Karl Nolle, MdL
DNN, 09.01.2001
PDS: "Wir suchen niemanden mehr"
SPD-Spitzenmann will auf Berghofer zugehen
DRESDEN. Deutlicher als bisher hat sich die Spitze der PDS gestern für Wolfgang Berghofer ausgesprochen. "Wir suchen niemanden mehr", sagte Parteichef Michael Schrader nach einem Treffen mit der Bürgerinitiative "OB für Dresden". Man gehe derzeit davon aus, dass Wolfgang Berghofer, letzter Oberbürgermeister mit SED-Parteibuch, am 10. Juni antritt und dass die PDS ihn unterstützt. "Wenn die Bürgerinitiative doch noch jemanden findet - gut, dann reden wir darüber", sagte Schrader.
Die Bürgerinitiative war gestern mit einem anderen Eindruck von der Zusammenkunft in der Neustadt-Kultkneipe Planwirtschaft gekommen. Die PDS sehe schon, dass Berghofer ihr eine Menge Probleme bereiten würde, sagte ihr Sprecher Werner Becker. Man habe über mehrere Namen gesprochen. Ja, sagte Schrader - aber nicht als Kandidaten.
Die Bürgerinitiative will sich zuvor auf einen ersten konkreten OB-Vorschlag geeinigt haben. Dieser Kandidat, der ein neuer, bislang noch nicht genannter sein soll, sei verwaltungserfahren, medienwirksam und nicht unbekannt. "Die Lichtgestalt wird niemals auftreten", sagte Becker - alle Kandidaten hätten Schwächen.

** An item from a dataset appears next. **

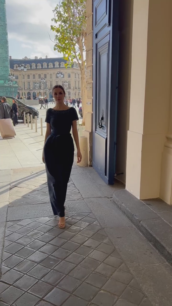 FILAGREE GLASS BEADED EMBROIDERY GOWN NAVY

Mittwoch will die Initiative mit SPD und Grünen sprechen. Dass die PDS am Anfang stand, sei Zufall gewesen.
Während dessen machte sich bei der SPD in vielen Telefonaten und Internet-Diskussionen Unmut über Landeschefin Constanze Krehl breit. Die hatte, offenbar ohne vorher mit den örtlichen Chefs Marlies Volkmer und René Vits gesprochen zu haben, Berghofer als parteiübergreifenden Kandidaten für "vorstellbar" gehalten. Klare Ablehnung kam vom Parteinachwuchs, den Jusos. Einzelne Mitglieder sagten, ihnen sei in der SPD kein einziger Berghofer-Befürworter bekannt.

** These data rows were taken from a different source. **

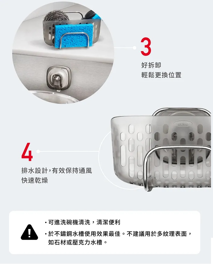 OXO 吸盤置物架 廚房置物架 水槽置物架 菜瓜布架 耐熱80度 可使用於洗碗機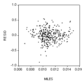 MILES^2 -3898.757 1599.262 -2.437848 0.0153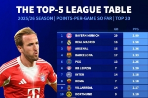 體育資訊11月21日訊 五大聯(lián)賽戰(zhàn)火即將重燃,《轉(zhuǎn)會(huì)市場(chǎng)》也統(tǒng)計(jì)了本賽季五大聯(lián)賽球隊(duì)場(chǎng)均拿分情況,拜仁獨(dú)自領(lǐng)跑。

Stadtausschuss-Chef Vits berichtete von anderen Erfahrungen. Gut ein Viertel der E-mails und Anrufe, die ihn erreicht hätten, seien für eine Diskussion des Themas zumindest offen. Vits will nun diese oder nächste Woche auf Berghofer zugehen: "Ich sehe mich von den Mitgliedern verpflichtet, mit ihm Kontakt aufzunehmen."